За судьбу захваченного оружия можно было не беспокоиться, но вызывала тревогу сохранность кладовых двух размещённых в Маймачене банков – Китайского и Пограничного. Сразу после взятия города казаки устремились именно к ним. Проводники нашлись быстро, часть ценностей растащили, и весь день 3 февраля Унгерн, видимо, наводил порядок на этом важнейшем участке. В плену он говорил, что захватил здесь на 200 тысяч рублей серебра, но наверняка цифра сильно преуменьшена. Поговаривали, что в подвалах обоих банков хранилось и золото, которое разворовать не успели.

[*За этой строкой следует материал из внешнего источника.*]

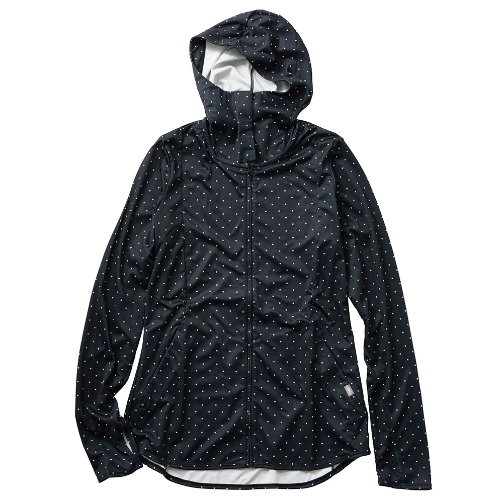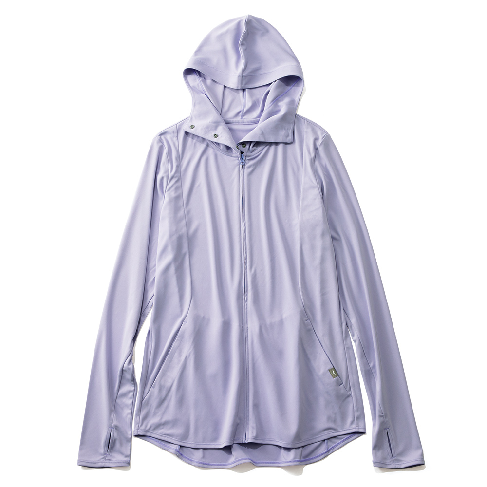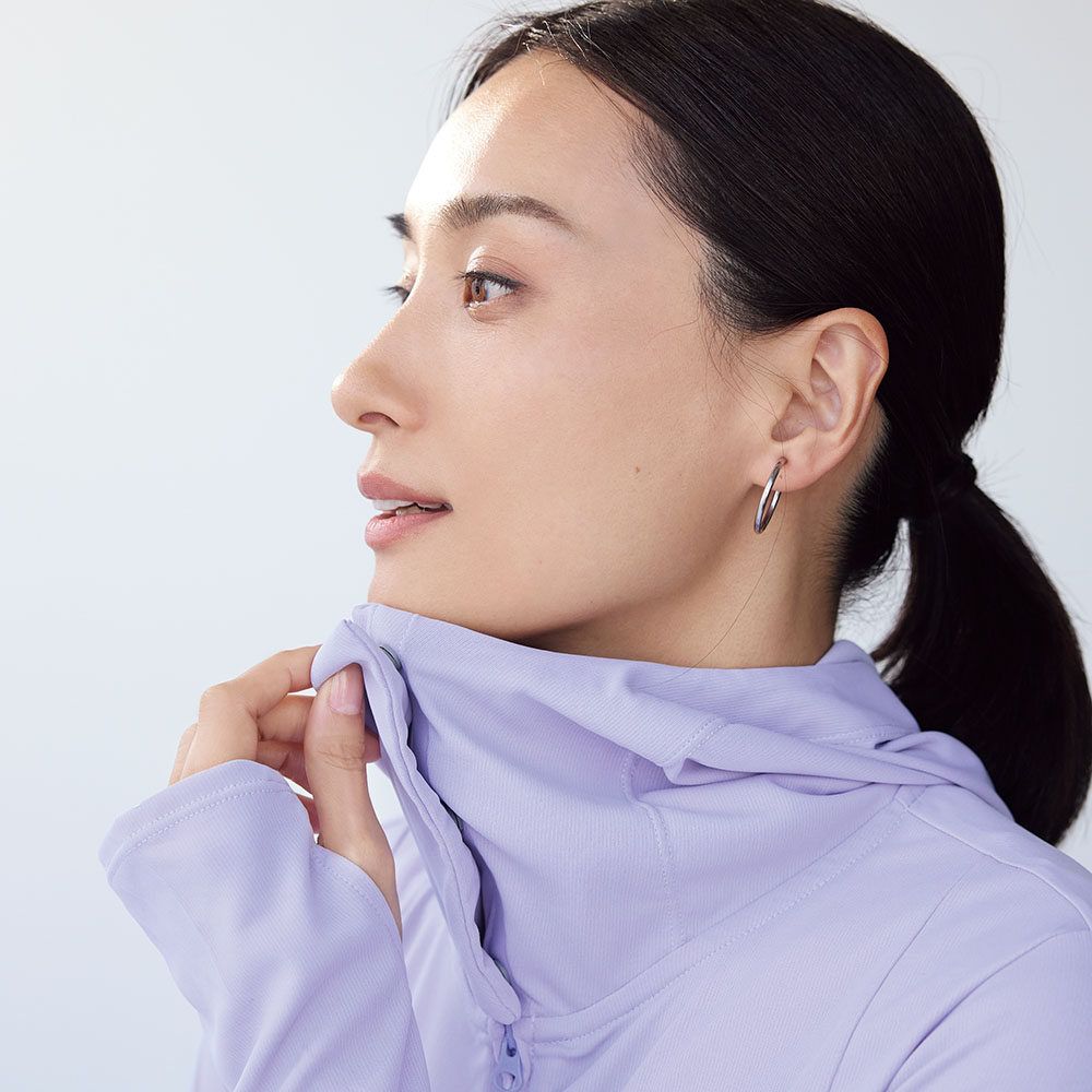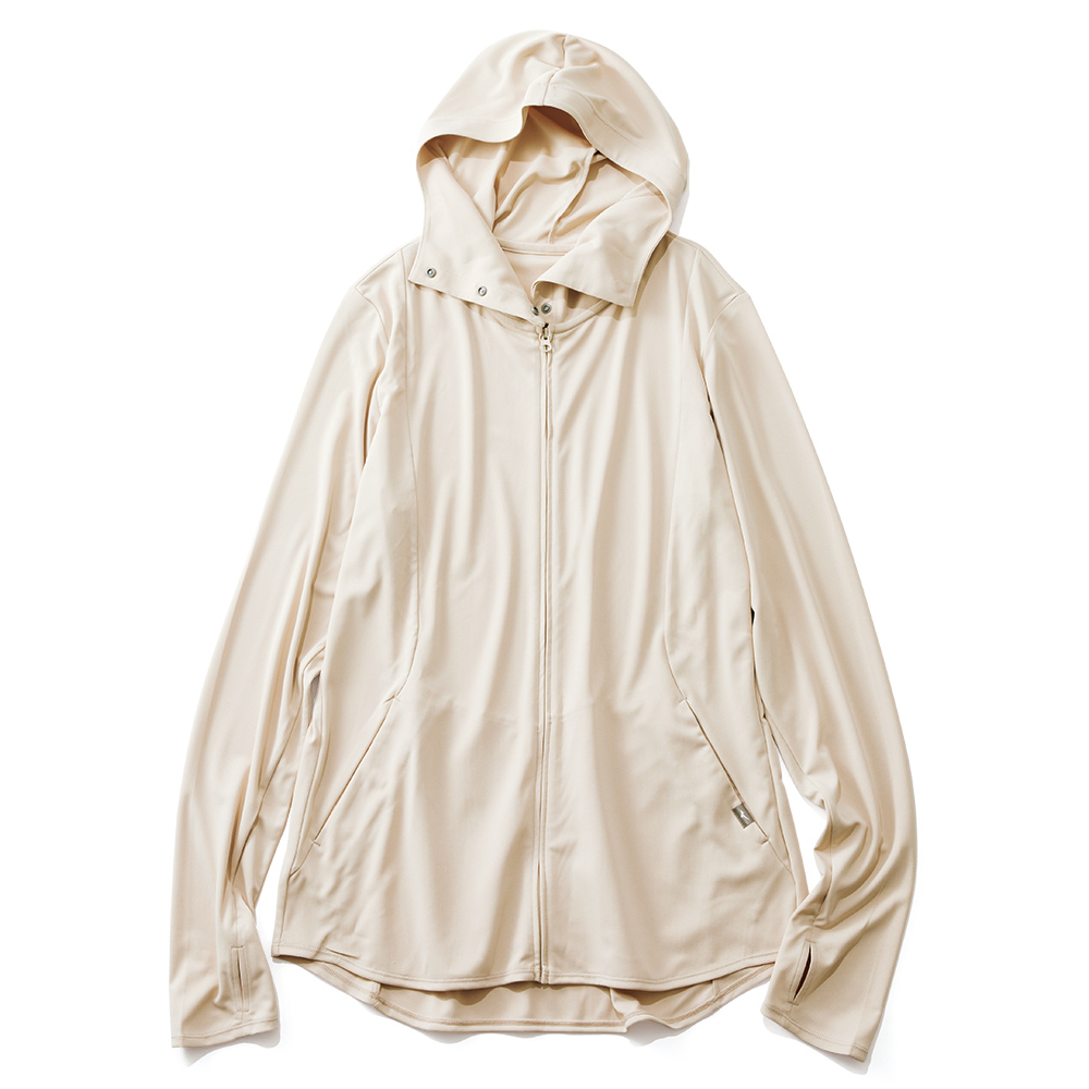 袖口はサムホール付きで、手の甲までしっかり紫外線を抑えます。首元はスナップボタンを開閉してアレンジ。

Но в день, когда китайцы покинули столицу, там ещё не знали никаких подробностей о взятии Маймачена. В Урге было тихо. Правда, теперь погромов ждали китайские купцы и просили о заступничестве русских, которые несколько дней назад обращались к ним с аналогичными просьбами. Многие ремесленники и служащие торговых фирм предпочли уйти вместе с отступающими войсками или, по крайней мере, эвакуировать семьи. Одному из них, своему доброму знакомому, Першин даже отдал лошадь с телегой. Старожилы русских кварталов радовались, конечно, что дело обошлось без эксцессов, но особого энтузиазма не проявляли. Напротив, недавним беженцам из России терять было нечего, реквизиций они не боялись и с восторгом готовились встретить русского генерала. Его чудесное появление здесь, на краю света, казалось предвестьем каких-то счастливых перемен. Для монголов победа Унгерна была их собственной победой, и уже через несколько часов после ухода китайцев город ожил, к монастырям потянулись сотни людей в праздничных одеждах. Вечером в Цогчине началось торжественное богослужение с множеством лам. Изгнание ненавистных «гаминов» совпало с кануном Нового Года, в чем видели не случайность, а знак судьбы.
«Перед заходом солнца, – пишет Першин, – из монастырских храмов Да-хурэ послышались густые звуки гигантских богослужебных труб, но теперь эти аккорды не нагоняли уныние, а возвещали о радости и торжестве жизни. После двухмесячного вынужденного молчания трели „башкуров“ – храмовых кларнетов, в морозном воздухе звучали громко и победно».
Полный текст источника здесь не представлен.